Lord Seventh - Chapitre 27 - Évaluation nocturne dans la salle des orchidées
Wu Xi y réfléchit. "Ce que tu veux dire, c’est que ce genre d’alliance n’est qu’une imposture, ni authentique ni durable ?"
Félicitant intérieurement l’enfant pour sa perspicacité, Jing Qi fit surgir un éventail d’on ne savait où et le frappa sèchement à l’épaule dans un ‘pang’ sonore. Wu Xi savait que la force du coup n’était pas si grande et qu’il ne lui ferait pas mal, aussi ne l’esquiva-t-il pas et accepta-t-il l’attaque sans broncher.
« J’ai mal dit ? » demanda-t-il ensuite avec patience.
« Tu as saisi l’essentiel », déplora Jing Qi en secouant la tête. « Une telle alliance est forcément instable. Il y a un dicton qui dit : Le mari et la femme sont d’abord des oiseaux de la même forêt, mais en cas de catastrophe, ils s’envolent chacun de leur côté. Alors imagine un mariage politique aussi fragile que celui-ci… »
Wu Xi fronça les sourcils, et Jing Qi toussa légèrement. Sachant que cette expression trahissait la désapprobation du jeune homme, il préféra désamorcer la situation avec douceur. « Ce n’est qu’une métaphore, rien de plus. »

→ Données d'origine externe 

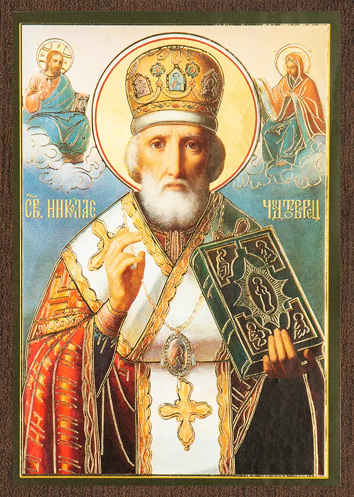 Икона "Николай Чудотворец" в митре, 6х9 на МДФ-6
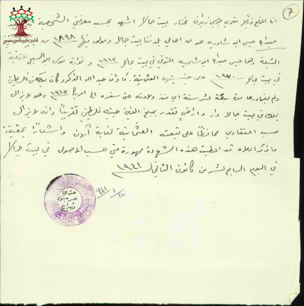 لا شك أن الدافع الأساس هو التمسك بحقه الطبيعي في وطنه وأرضه وأملاكه.. وهذا واضح في شهادة مختار بيت جالا الذي يؤكد في إحدى الوثائق أن والديّ عبدالله قد توفيا ودفنا في بيت جالا وأنه لا يزال يملك بيتاً فيها قيمته تقارب الـ 2000 جنيه ولا يزال محتفظا ًبتبعيته العثمانية التي سافر على أساسها..
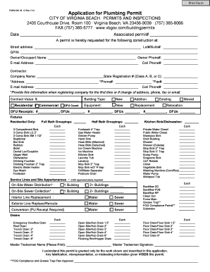 Application for Plumbing Permit City of Virginia Beach Form
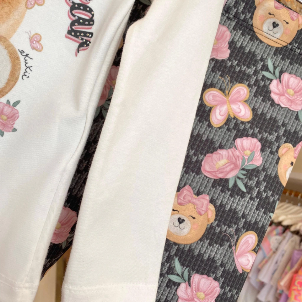 Conjunto Blusa Alongada Em Cotton E Calça Legging Em Flytech Kukiê.
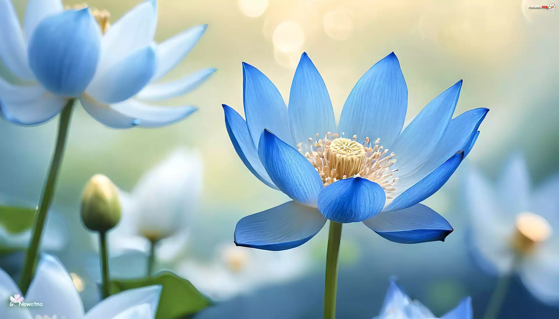 Niebieski, Kwiat, Lotos, Grafika - Zdjęcia
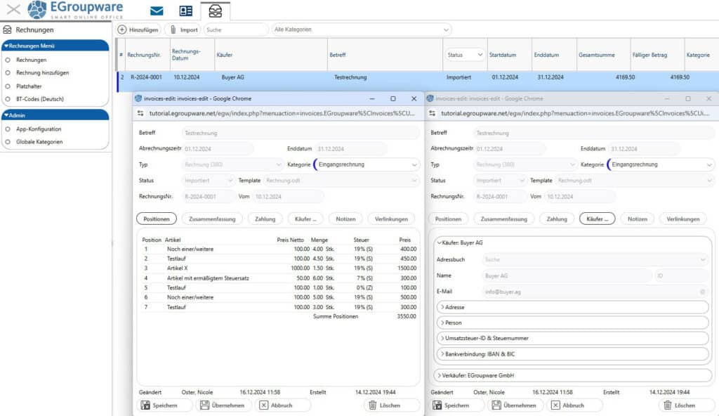 - Buyer: Select buyer information directly from the EGroupware address book or manually add additional contacts. You can also fill in optional fields like VAT IDs and tax number if required.
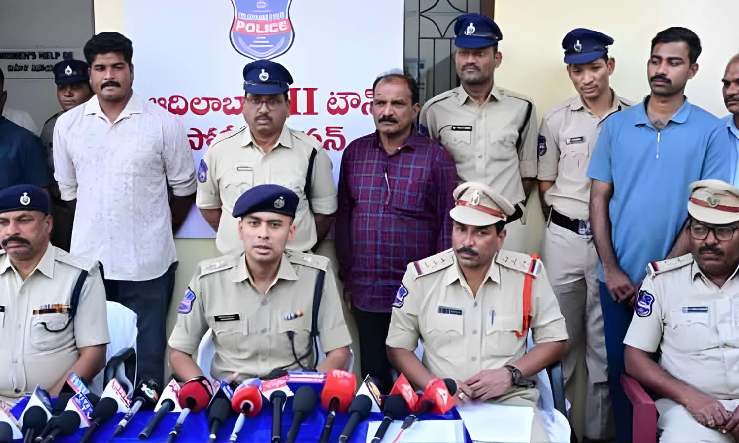 The media briefing was held at the Adilabad Two Town Police Station. DSP L. Jeevan Reddy, Inspector K. Nagaraju, SIs Peer Singh and Vishnu Prakash, and other officers attended the session.
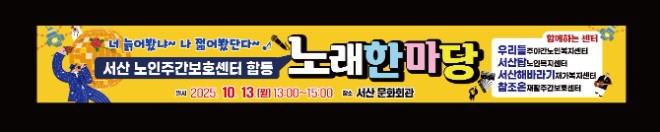 제목 | 서산노인주간보호센터 합동 "노래한마당" | 공지일 | 2025.10.03 |
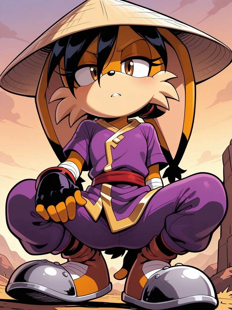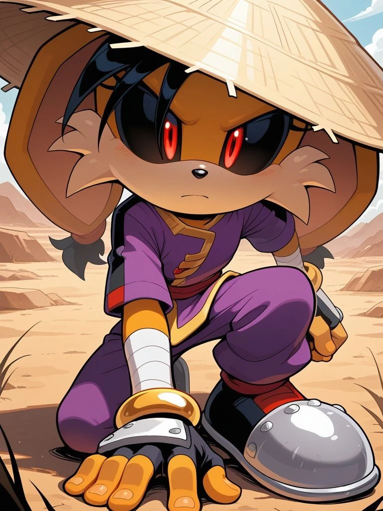 Conquering Storm, Brown Eyes, Brown Fur, Lynx Ears, Straw Hat, Black Hair, Purple Gi With A Gold Trim, Light Purple Pants, Tan Shoes, Black Padded Fingerless Gloves, White Arm Wrap, Black Sclera, Red Eyes,
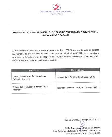 De acordo com os itens elencados no documento, foram deferidas as propostas dos seguintes professores: Débora Cardozo Bonfim e Ana Paula Zaikievicz Azevedo da Universidade Católica Dom Bosco (UCDB) e Thiago da Silva Godoy e Ronam Xavier Machado da Faculdade Salesiana de Santa Tereza (FSST).
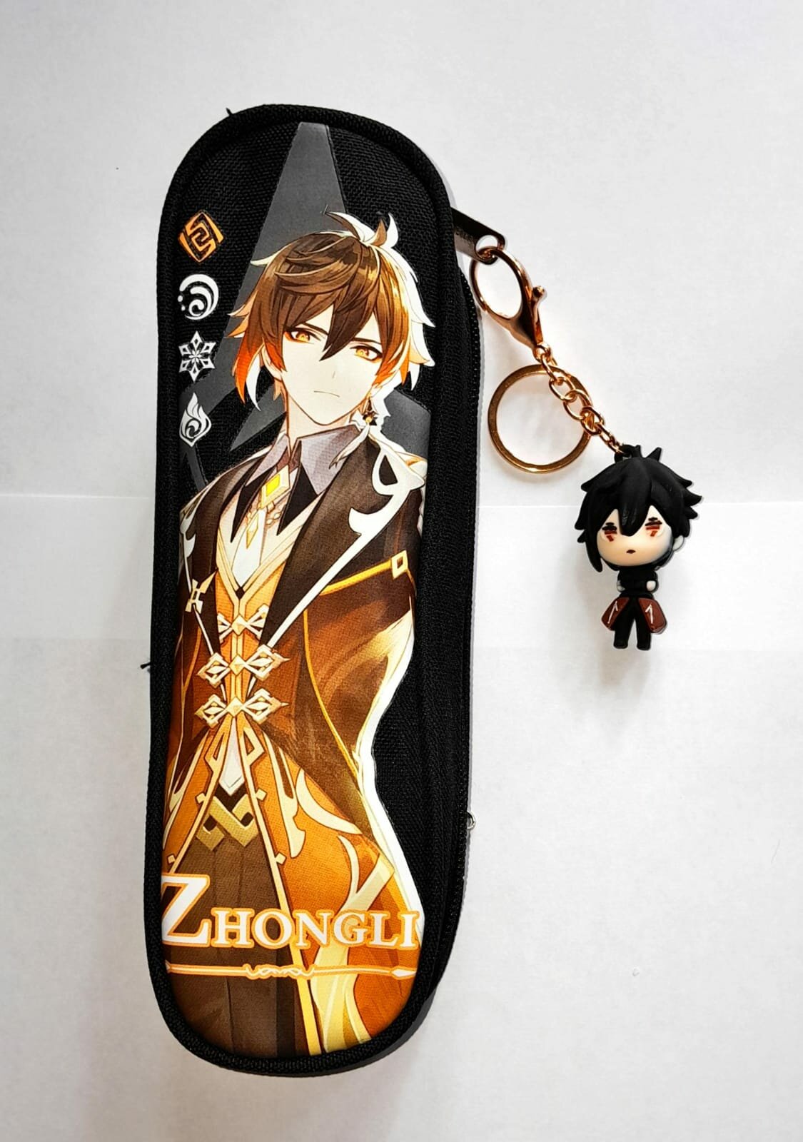 Пенал Геншин Импакт и брелок в подарок с рисунком Genshin Impact, Zhongli, Чжун Ли интересное:
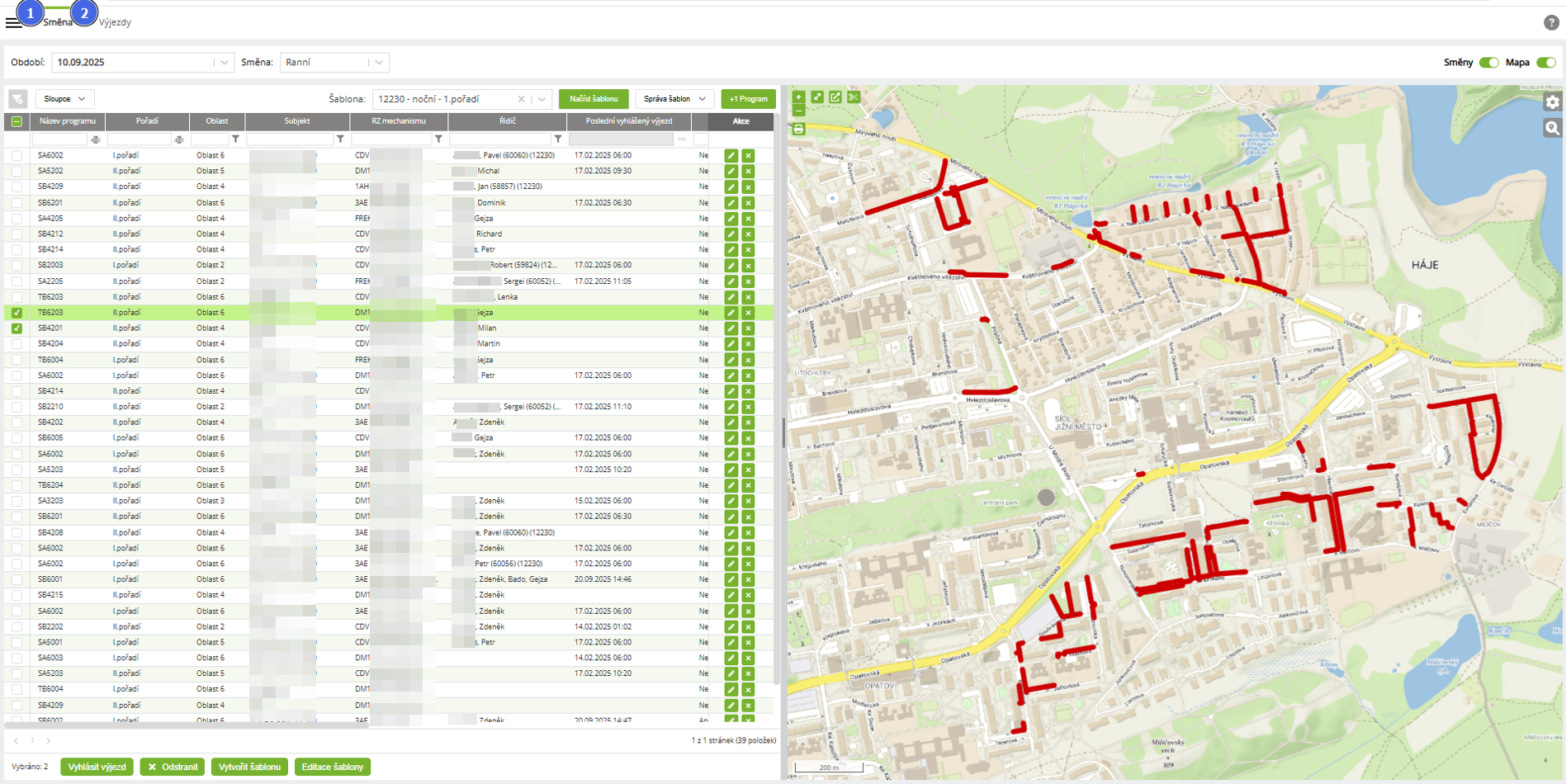 - Výjezdy: zde probíhají samotné výjezdy a jejich vyhodnocení
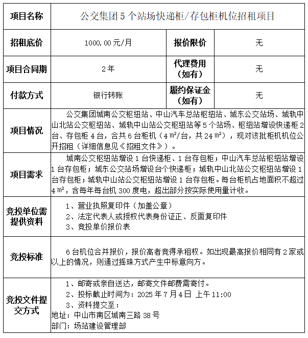 中山市公共交通运输集团有限公司5个站场快递柜/存包柜机位招租项目
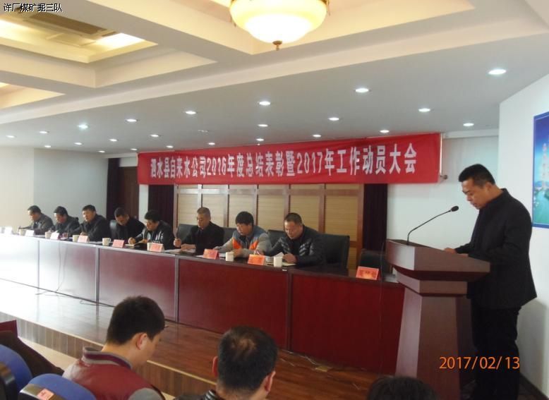 为动员全体干部职工尽快走出节日气氛,全力以赴做好今年的工作。 2月13日,传统的元宵佳节刚过,自来水公司召开了2016年度总结表彰暨2017年工作动员大会,公司全体干部职工参加,住建局副局长张伟同志出席会议。
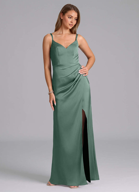 A-Line V-Neck Pleated Mesh Floor-Length Dress Matcha
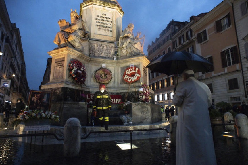 "Alle prime luci dell'alba, sotto la pioggia, ha deposto un mazzo di rose bianche alla base della colonna dove si trova la statua della Madonna e si è rivolto a Lei in preghiera, perché vegli con amore su Roma e sui suoi abitanti, affidando a Lei tutti coloro che in questa città e nel mondo sono afflitti dalla malattia e dallo scoraggiamento.
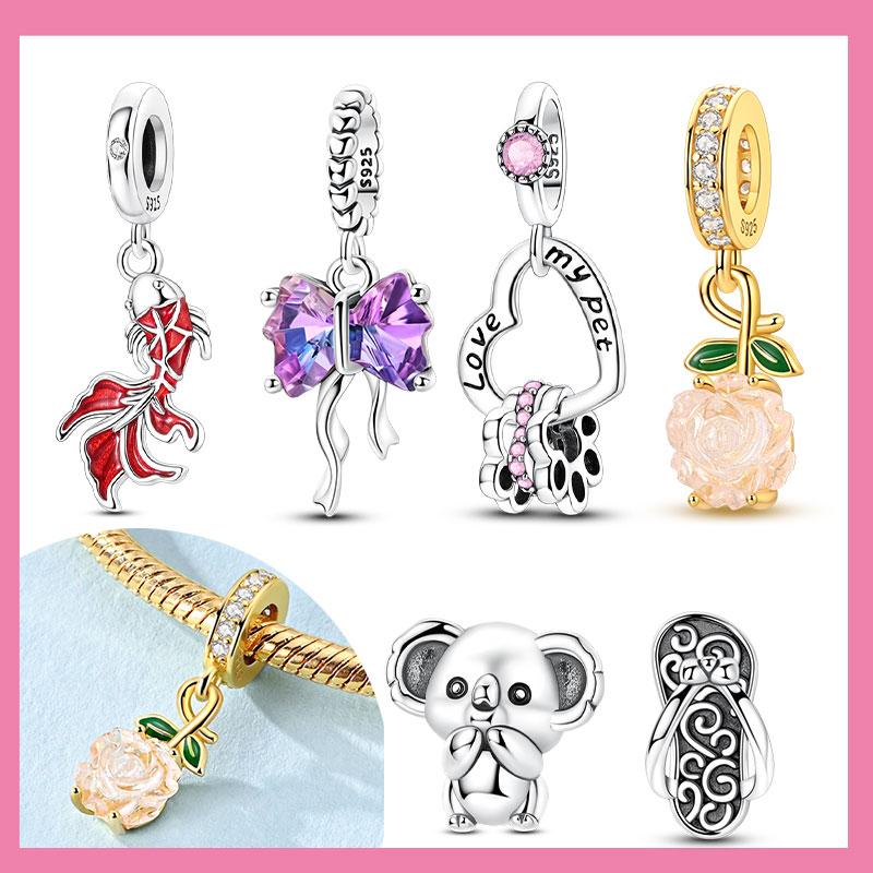 Copper Red Koi Luminous Rose,Koala Slippers Charms Beads Pendant For Original Bracelet Woman Girl Jewelry
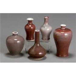Group of Ten Chinese Red Glazed Cabinet Vases and a Paste Box, 18th-19th Century, Of various...
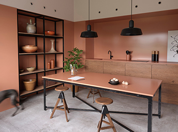 - El rojo puede ser ecléctico, sólo hay que bajarle la intensidad, al infundirlo con un velo terroso que genera Silestone® Arcilla Red. Te permitirá crear un entorno rustico encantador, sólo hay que mezclarlo con elementos de maderas rojizas con el cedro o la antracita que tiene un ligero viso gris. Para dar un aspecto particular, utiliza tejidos hechos a manos en ciertos detalles de la decoración, esto te permitirá generar un espacio con carácter rústico y bohemio.

Comme prévu, Wu Xi lui demanda alors avec sérieux : « Le mari et la femme sont censés rester ensemble toute leur vie. Pourquoi parle-t-on d’oiseaux de la même forêt, puis d’un destin aussi cruel où chacun s’envole de son côté ? »
Jing Qi n’était guère enclin à débattre de ces subtilités et lui fit signe de passer à autre chose. « C’est juste une expression. Ne lui cherche pas un sens profond. Oublie-la, comme du vent à tes oreilles. »
Wu Xi resta un instant silencieux, visiblement insatisfait de cette désinvolture. Il n’aurait su dire pourquoi, mais l’attitude insouciante de Jing Qi l’irritait légèrement. Pourtant, comme il était encore absorbé par la question précédente, il décida de remettre cette discussion à plus tard.
Avec le temps, il avait appris à cerner son ami : Jing Qi semblait rire avec tout le monde et suivre le mouvement sans résistance, mais en vérité, il se souciait peu de ce que l’on disait de lui. Il admettait ses torts avec une aisance déconcertante, ne leur accordait aucune importance et les oubliait à peine quelques instants plus tard.
Jing Qi se frotta le nez d’un geste irrévérencieux et, pressé de clore ce sujet sans intérêt, enchaîna rapidement : « Comme tu l’as dit tout à l’heure, il est hors de question de chercher à s’attirer des faveurs ou de nouer une réelle affinité. Une alliance n’est rien de plus qu’un accord temporaire pour avancer ou reculer ensemble, mais elle ne repose sur aucun lien solide. Si l’un des partis brise sa promesse, il n’existe aucun moyen de le contraindre. »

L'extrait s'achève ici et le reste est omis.